While a cash advance seems both quick and easy, it can also be expensive — so you should think carefully about whether you really need to spend the money and if a cash advance is the best option for you.



How does a cash advance work?

With a cash advance, you’re essentially using the available balance on your credit card to take out a short-term loan. Instead of borrowing money to buy a good or service with your credit card, you’re borrowing cash against your credit limit. Unfortunately, credit card companies don’t treat these two types of transactions the same.

If you buy a good or service with your credit card, the credit card company will charge you the purchase interest rate stated in your contract, usually listed as the purchase APR, or annual percentage rate. And if your card offers a grace period, you won’t start accruing interest on that purchase until your payment is due. That means that as long as your card has a grace period and you pay your balance in full and on time each month, you might never have to pay interest on your purchases.

Cash advances work a little differently though — grace periods typically don’t apply. You’ll start accruing interest on the advanced amount as soon as you take the money out, and your credit card company will likely charge you a higher interest rate for cash advances than it does for normal purchases, plus a processing fee.

The difference between a personal loan and a cash advance

Though a cash advance can work in an emergency, a personal loan could be a cheaper option.

A personal loan allows you to borrow a fixed amount of money that you pay back in installments over a specific period of time. This can help you stick to a budget and get out of debt.

And, often, personal loans have lower interest rates than credit cards.

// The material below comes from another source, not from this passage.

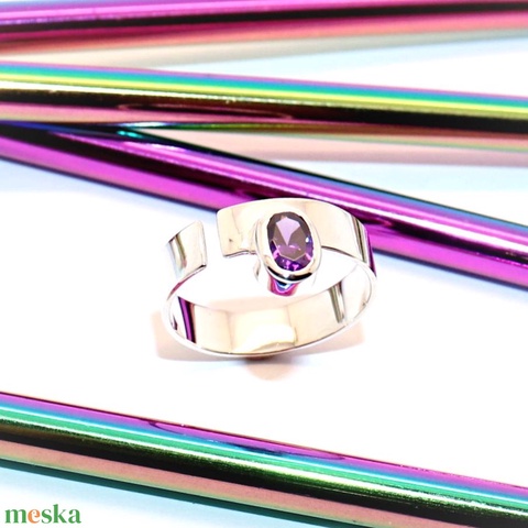 Lila cirkóniás, női ezüst gyűrű, állítható (EGY.289)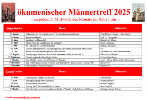 Weitere Informationen und das jeweilige Jahresprogramm erhalten sie unter maennertreff@kirche-werden.de.

According to Federal Reserve data for the third quarter of 2021, the average APR across all credit card accounts was 14.54%. And cash advances from banks and card issuers typically charge much higher rates than that. On the other hand, for the same period of 2021, Fed data show that the average APR for a 24-month personal loan was 9.39%.

If you’re looking for fast cash, fees are also worth considering. While you’re typically charged a transaction fee for taking out a cash advance, some personal loans don’t come with fees.

Personal loan amounts vary among lenders but can range from $1,500 up to $100,000. With a secured personal loan, a borrower provides collateral — like a car, for example — that the bank can take if that borrower defaults on the loan. Unsecured loans, on the other hand, don’t require any collateral. Though borrowers with strong credit are more likely to qualify, lenders often view unsecured loans as riskier — and typically charge higher rates for them.

Cash advance terms and fees

Between fees and higher interest rates, cash advances can be costly.

Card issuers typically charge a fee if you use your credit card for a cash advance. This can either be a flat fee per cash advance or a percentage of the loan amount. Depending on the lender, this transaction fee can be as high as 5% of the advance or $10, whichever is greater. For example, if you take out $500 as a cash advance on a card with a 5% cash advance fee, you’ll be charged $25 on top of the $500 loan.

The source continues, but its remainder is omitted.